The hardware team has confirmed that DMB OSH between the store and load
prevents T410-OLY-1027. They are still validating whether DMB LD is
sufficient, so I do not want to rely on DMB LD until that confirmation is
available.
> It would be interesting to see how your benchmarks motivating patch 2
> look if you leave __raw_writeX as-is and instead add a barrier in
> __raw_readX before the load instruction.
I profiled memcpy_fromio() after implementing your suggested read-side
workaround using DMB OSH:
- Patch 1 leaves __raw_writeX() unchanged and inserts DMB OSH before
each load in __raw_readX().
- Patch 2 provides an arm64 memcpy_fromio() implementation that applies
one DMB OSH before the block copy and then uses direct Device loads.
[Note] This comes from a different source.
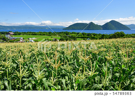 北海道洞爺湖町で洞爺湖湖畔のトウキビ畑の夏の風景を撮影

With patch 2 applying the barrier once per block, the results show no
noticeable performance regression when the workaround is active. The
micro-benchmark uses a write-combined MMIO buffer and is pinned to one
PE. The loop count is adjusted so each row performs approximately 10,000
64-bit MMIO loads in total. The table reports the per-call latency of
memcpy_fromio() in nanoseconds, with CPU cycles measured using the PMU
cycle counter shown in parentheses.
+-------+--------------------+----------------------+------------------------+
| size | WAR off ns (cyc) | OSH/load P1 ns (cyc) | OSH/block P1+P2 ns(cyc)|
+-------+--------------------+----------------------+------------------------+
| 8B | 830.4 (2735) | 835.0 (2750) | 835.1 (2750) |
| 16B | 1660.1 (5468) | 1669.6 (5499) | 1664.8 (5484) |
| 32B | 3319.7 (10934) | 3339.1 (10998) | 3324.1 (10953) |
| 64B | 6638.6 (21866) | 6677.5 (21994) | 6642.3 (21880) |
| 128B | 13275.8 (43729) | 13355.3 (43989) | 13279.0 (43747) |
| 256B | 26549.7 (87480) | 26714.5 (87993) | 26552.5 (87475) |
+-------+--------------------+----------------------+------------------------+
Micro-bench test:
local_irq_save(flags);
off = 0U;
c0 = wc_pmu_read();
t0 = ktime_get();
for (i = 0UL; i < 10000; i++) {
memcpy_fromio(dst, map + off, n * sizeof(u64));
off ^= buf_size;
}
t1 = ktime_get();
c1 = wc_pmu_read();
local_irq_restore(flags);
Patch 2:
void memcpy_fromio(void *dst, const volatile void __iomem *src, size_t count)
{
...
asm volatile(ALTERNATIVE("nop", "dmb osh",
ARM64_WORKAROUND_NVIDIA_OLYMPUS_1027)
: : : "memory");
while (count &&
!IS_ALIGNED((__force unsigned long)src, sizeof(u64))) {
u8 val;
asm volatile(ALTERNATIVE("ldrb %w0, [%1]",
"ldarb %w0, [%1]",
ARM64_WORKAROUND_DEVICE_LOAD_ACQUIRE)
: "=r" (val) : "r" (src));
*(u8 *)dst = val;
src++;
dst++;
count--;
}
while (count >= sizeof(u64)) {
u64 val;
asm volatile(ALTERNATIVE("ldr %0, [%1]",
"ldar %0, [%1]",
ARM64_WORKAROUND_DEVICE_LOAD_ACQUIRE)
: "=r" (val) : "r" (src));
*(u64 *)dst = val;
src += sizeof(u64);
dst += sizeof(u64);
count -= sizeof(u64);
}
while (count) {
u8 val;
asm volatile(ALTERNATIVE("ldrb %w0, [%1]",
"ldarb %w0, [%1]",
ARM64_WORKAROUND_DEVICE_LOAD_ACQUIRE)
: "=r" (val) : "r" (src));
*(u8 *)dst = val;
src++;
dst++;
count--;
}
}
I am also discussing with the hardware team to understand any broader
implications of using a read-side DMB instead of store-release writes,
and to evaluate the correctness and performance differences between
DMB OSH and DMB LD. If we proceed with the load-side workaround, I will
drop patch 2 and keep the implementation limited to the raw read
helpers. I will post v5 after receiving their feedback.
-Shanker
next prev parent reply other threads:[~2026-07-03 0:52 UTC|newest]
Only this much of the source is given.